The definition of a riot in Canadian law is, "an unlawful assembly that has begun to disturb the peace tumultuously." The idea behind criminalizing unlawful assembly is that peace officers should have some means to deal with an demonstration before it becomes a riot. If we have to wait for the first brick to be thrown through a window, it is already too late.

Bear in mind, as well, that the reliance of the police upon section 63 of the Criminal Code is subject to Charter scrutiny.
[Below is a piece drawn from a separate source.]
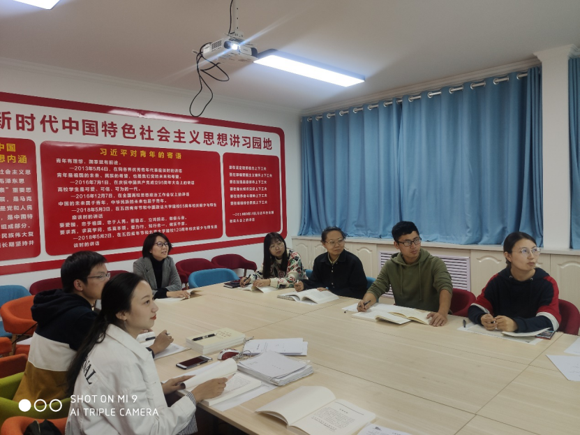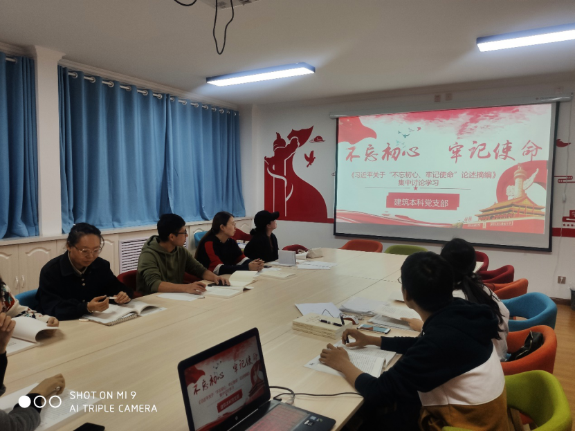 建筑本科党支部在党员活动室开展"不忘初心、牢记使命"主题教育集中学习活动。党支部书记马小凤主持学习活动,党支部成员参加学习。

Clearly it may be an infringement on the guarantee of freedom of peaceful assembly (since an unlawful assembly need not have breached the peace, merely to give rise to a reasonable belief that it will), but whether it is an infringement that is saved by section 1 is a legitimate question for judicial scrutiny.

[Quick correction--in Canada an unlawful assembly is defined as three or more people, not two, it requires an intention to form a common purpose, and it must be their act of assembling that causes a fear from persons in the neighborhood that they will riot, or that they will needlessly and without cause provoke others to riot. It's a somewhat more restrictive definition than xenon13 has made out.]


It's also a very subjective definition. If it has to cause fear in order to be considered an unlawful assembly then how do you determine if it is causing fear or not? Does it only have to be causing fear in one person or does there have to be a general consensus among people in the neighbourhood?